Exercise data:

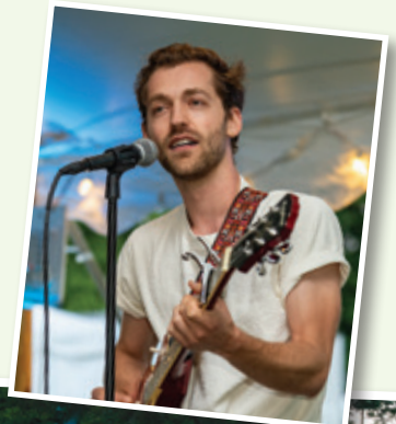
Pennfield's 50th Gala >
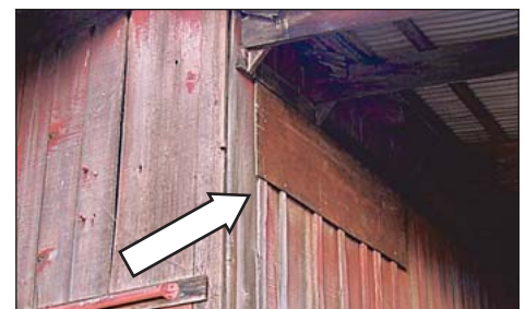
Simple bat habitat: A sheet of 1/4" plywood on board-and-batten barn siding.

Spiders often kill more insects than they can consume, but each species of spider has its own food and habitat preferences. To attract a wide range of spiders that will prey on many different kinds of pests, farmers can plant hedgerows in or adjacent to fields. It's a good idea to include perennial and annual plants of different heights, as well as groundcovers and mulches. For more information: rexd@ncat.org

Your goal: Give an exact copy of the listing, without its pictures.

Your response:
Pennfield's 50th Gala >
Simple bat habitat: A sheet of 1/4" plywood on board-and-batten barn siding.

Spiders often kill more insects than they can consume, but each species of spider has its own food and habitat preferences. To attract a wide range of spiders that will prey on many different kinds of pests, farmers can plant hedgerows in or adjacent to fields. It's a good idea to include perennial and annual plants of different heights, as well as groundcovers and mulches. For more information: rexd@ncat.org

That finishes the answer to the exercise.